**Requirement:**
Below are entries. Copy exactly the lines running from the line that holds "欧科隆120HP螺杆式冷水机" to the line that holds "My review of", with both ends included.
(Beginning of Exercise input)
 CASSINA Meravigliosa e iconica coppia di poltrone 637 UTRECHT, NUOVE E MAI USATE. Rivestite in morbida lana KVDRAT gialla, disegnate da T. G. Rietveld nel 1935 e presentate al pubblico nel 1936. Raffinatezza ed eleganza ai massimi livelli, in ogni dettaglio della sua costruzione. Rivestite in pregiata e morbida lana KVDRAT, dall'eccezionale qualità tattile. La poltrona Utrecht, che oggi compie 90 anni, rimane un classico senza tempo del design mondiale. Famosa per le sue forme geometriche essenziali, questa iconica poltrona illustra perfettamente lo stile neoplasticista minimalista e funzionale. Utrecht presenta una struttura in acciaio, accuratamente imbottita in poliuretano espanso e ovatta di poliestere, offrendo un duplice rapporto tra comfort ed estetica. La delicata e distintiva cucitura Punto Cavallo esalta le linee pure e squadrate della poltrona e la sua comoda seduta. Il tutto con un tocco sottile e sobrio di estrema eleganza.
(End of Exercise input)
(Beginning of Exercise input)
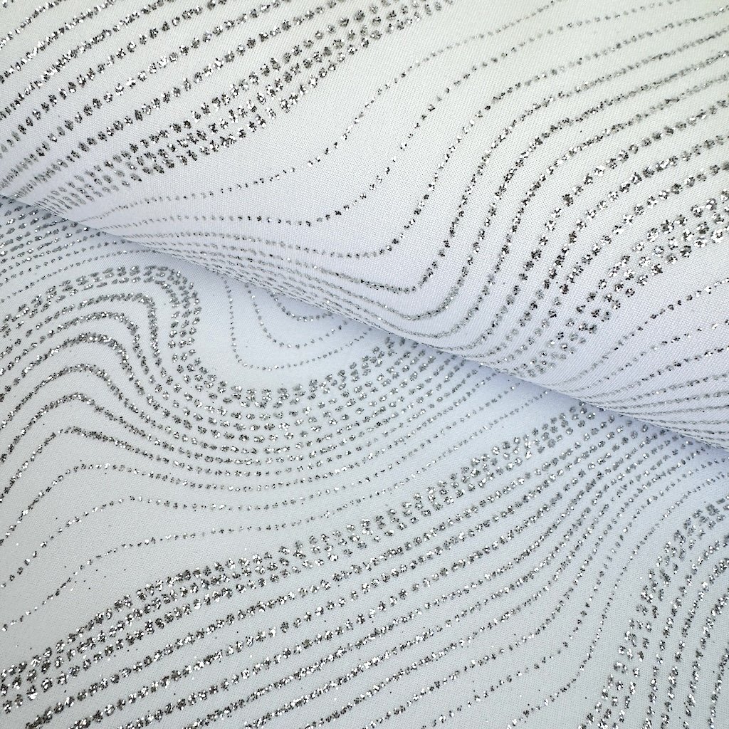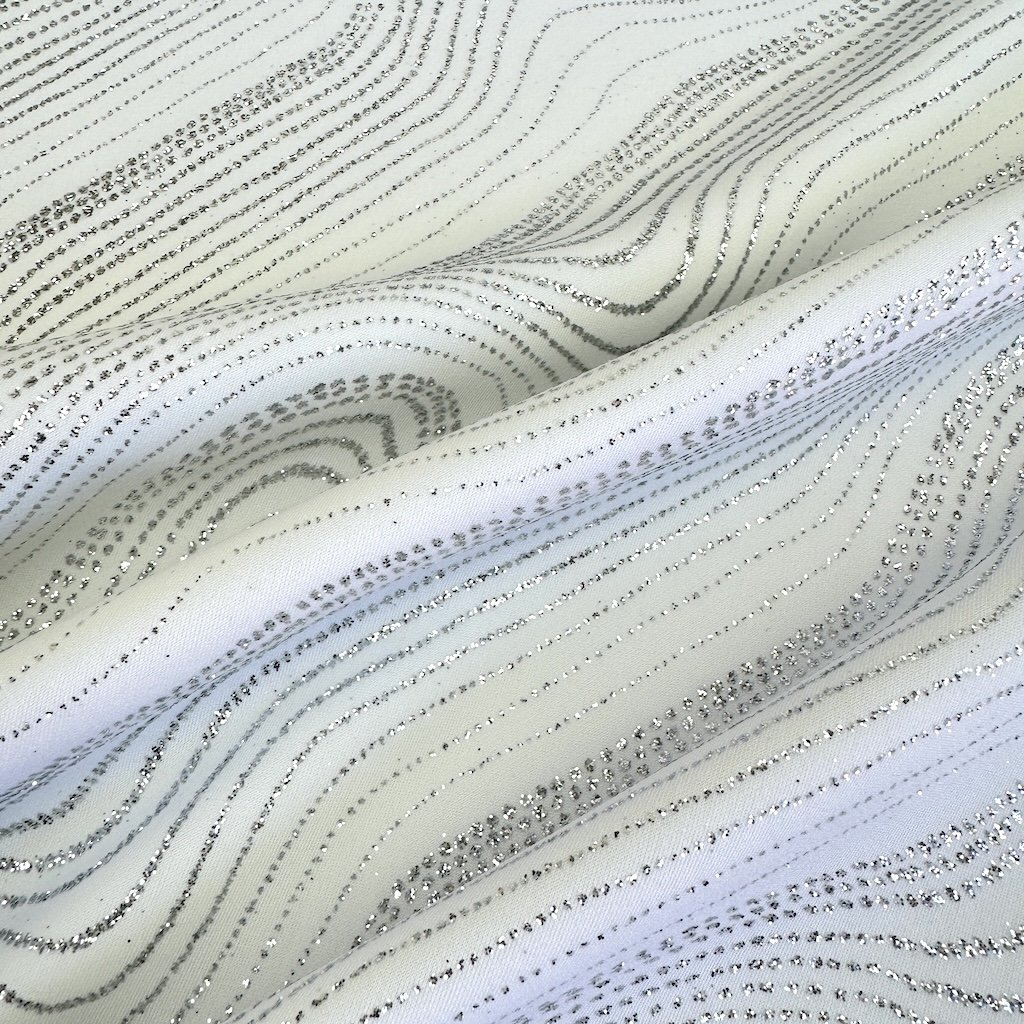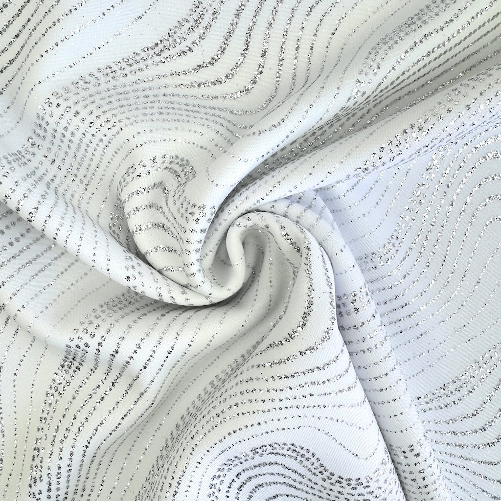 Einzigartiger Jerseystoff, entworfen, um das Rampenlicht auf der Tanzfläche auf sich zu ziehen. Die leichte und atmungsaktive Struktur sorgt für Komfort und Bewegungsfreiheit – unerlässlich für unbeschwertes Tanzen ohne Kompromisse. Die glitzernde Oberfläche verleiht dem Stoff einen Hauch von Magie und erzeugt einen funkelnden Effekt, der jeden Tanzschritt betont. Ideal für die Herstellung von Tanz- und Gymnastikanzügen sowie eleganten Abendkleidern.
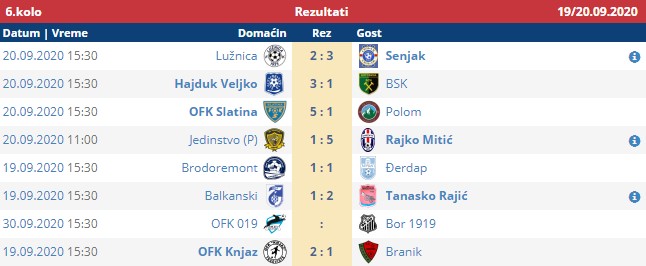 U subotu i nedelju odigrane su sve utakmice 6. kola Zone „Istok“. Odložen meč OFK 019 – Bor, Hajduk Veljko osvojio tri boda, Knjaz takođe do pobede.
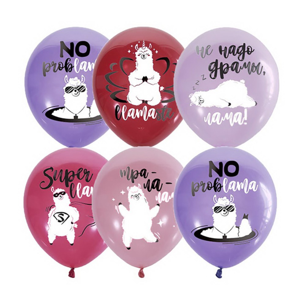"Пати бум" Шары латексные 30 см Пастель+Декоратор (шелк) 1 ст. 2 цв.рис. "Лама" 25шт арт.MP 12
(End of Exercise input)
(Beginning of Exercise input)
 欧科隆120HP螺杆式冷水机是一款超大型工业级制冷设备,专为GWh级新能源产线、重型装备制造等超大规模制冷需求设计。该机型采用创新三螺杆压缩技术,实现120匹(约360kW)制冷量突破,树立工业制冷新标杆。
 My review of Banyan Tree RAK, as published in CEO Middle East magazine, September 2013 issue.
(End of Exercise input)
**Exercise solution:**
 欧科隆120HP螺杆式冷水机是一款超大型工业级制冷设备,专为GWh级新能源产线、重型装备制造等超大规模制冷需求设计。该机型采用创新三螺杆压缩技术,实现120匹(约360kW)制冷量突破,树立工业制冷新标杆。
 My review of Banyan Tree RAK, as published in CEO Middle East magazine, September 2013 issue.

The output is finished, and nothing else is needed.